48 Hours In Italy Without Wine & Cheese
That's a math equation.
If Wine + Cheese + X = Italy, then solve for X.
*Now, this isn’t the arithmetic you learned in school because a variety of answers are accepted for the value of X.
X, is a morning walk to a local “bar” that serves cafe espresso and pane al cioccolato, which became brioche cioccolato when yelled across the bar to the woman at the register who informed me my bill was only €2 before asking which cigarettes I wanted. I didn’t want any cigarettes. I needed to save my breath for the goodbye shouting match between the barista and myself.
Me: “Ciao, Grazie.”
Him: “CIAO, BUONA GIORNATA, CIAO!”
X is a persimmon, selected by the man working a fruit stall in the Brera neighborhood who lured you in with fresh grapes, handing you samples as he selected his next customer from the foot traffic. A multitasker. But, the persimmon, so juicy that it drips off your fingers from the first bite and stains your pants and the street before you can accept the napkin and your €.20 coin from the vendor. Desire is impatient.
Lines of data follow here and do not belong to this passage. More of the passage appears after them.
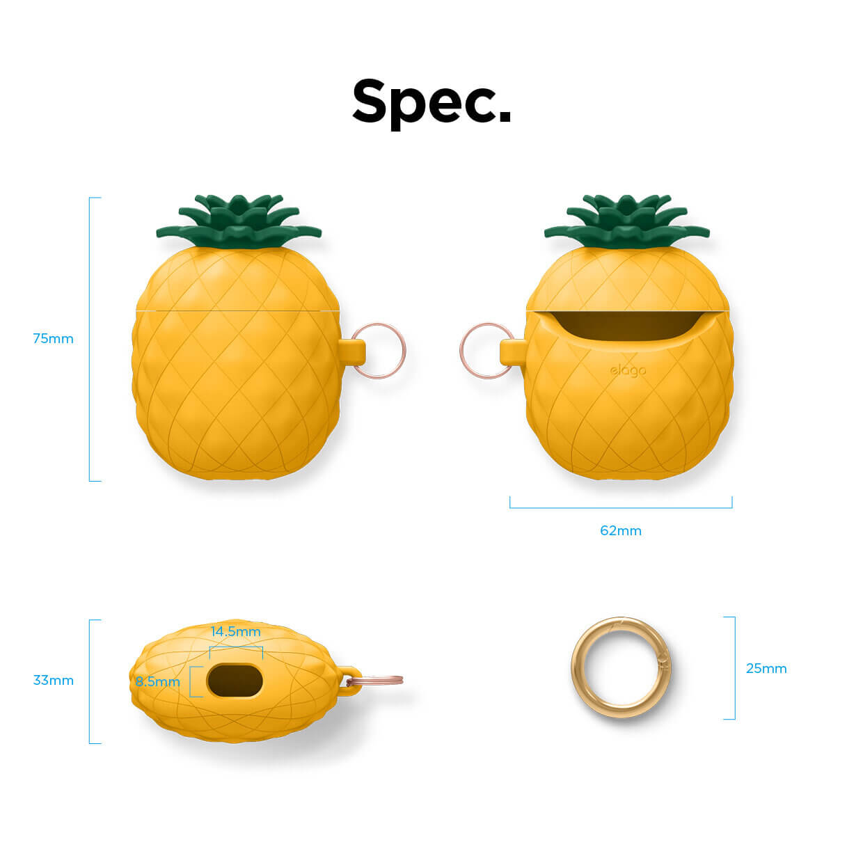Elago Airpods Pineapple Design Silicone Case - силиконов калъф с карабинер за Apple Airpods и Apple Airpods 2 (оранжев)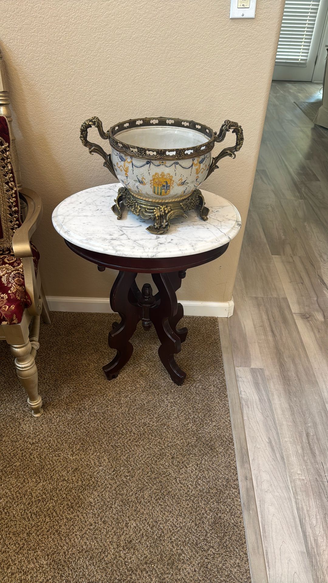 Victorian Style Wood And Italian Marble Side Table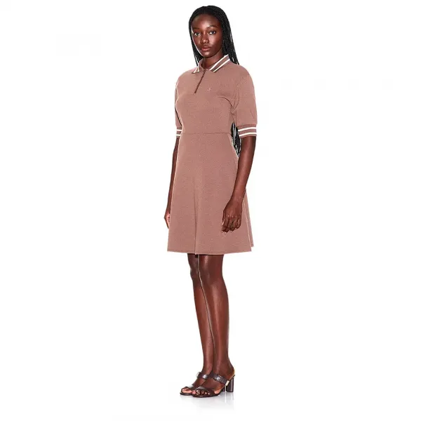 フィットアンドフレアカットのドレス、ハーフジップクロージャー付きポロカラー、襟とアームホールにコントラストインサート付き。 パーソナライゼーションは胸元で行います。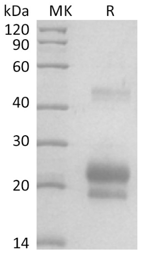 Storage : | Lyophilized protein should be stored at ≤ -20°C, stable for one year after receipt. Reconstituted protein solution can be stored at 2-8°C for 2-7 days. Aliquots of reconstituted samples are stable at ≤ -20°C for 3 months. |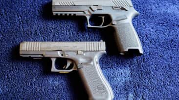 東京マルイ最新のガスブローバックハンドガン二機種を並べてみました。P320 とグロック17 Gen5...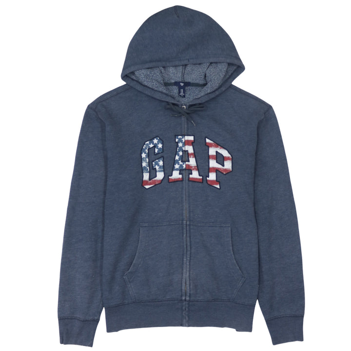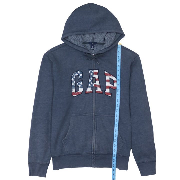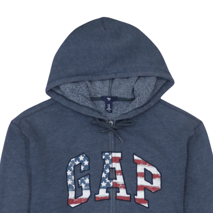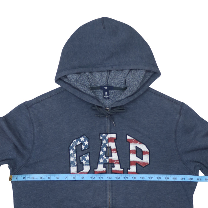 Gap Navy Blue Zip Hoodie Men's Medium Embroidered Flag Logo Split Pocket Sweatshirt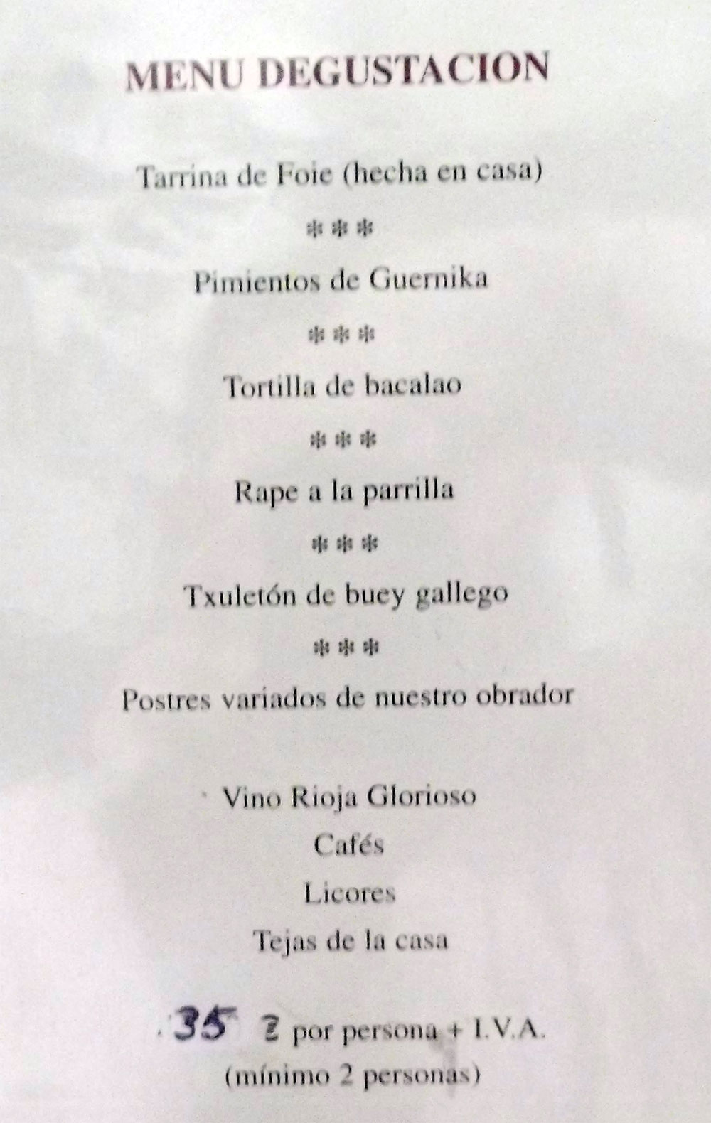 menú, el vino que figura es el Rioja Glorioso, sin embargo

The goodbyes are thank you’s with a kind smile.
X is a taxi driver, a motorcycle driver, and a group of pedestrians, congregating at a crosswalk on Viale Monte Nero, with arms stretched out between their shoulders and heads, yelling combinations of dog, god, pig, and asshole to each other. They all cross the intersection safely, congratulating themselves for their victory, ignorant to the reality that this interaction will have no impact on future driving or walking patterns of these individuals or other Italians.
A late middle finger by the motorcycle driver was the only goodbye.
X is a ride to Navigli Grande on the number 9 tram without paying. In the standing room only car, your eyes dart through the passengers, surveying for the official blue jackets that will write you a €40 ticket for failing to validate or even purchase a ticket. When you see the jackets, you grab your friend's arm and dash out the closing tram doors to safety.
You can’t hear the goodbye because the tram door has closed on the shouting officer.
X is stopping a family of 4, 3 humans and 1 dog, on the sidewalk to pet Lucy, their dog, and realizing Lucy isn’t responding to your request for paw because she is an Italian dog. She doesn’t speak English, and you don’t have a treat. Your commands are ignored.
Goodbye isn’t understood because Lucy still doesn’t speak English.
Italy is a love affair. A country whose regions encourage a forgiven indulgence into their Bella Vita. It’s here we step out of our routines. Morning runs become exploration walks that extend into the afternoon, espresso is chosen over green tea, and breakfast is replaced by dessert.
So, spending a weekend in Milan as someone who doesn’t drink wine or eat animal products could have been difficult. It was tempting. Italy is a country where straying from our commitments doesn’t feel like abandonment, but rather a thrill. But, with my own version of math, I allowed Italy to mean something different this weekend. I had a love affair with Milan and I don’t regret it.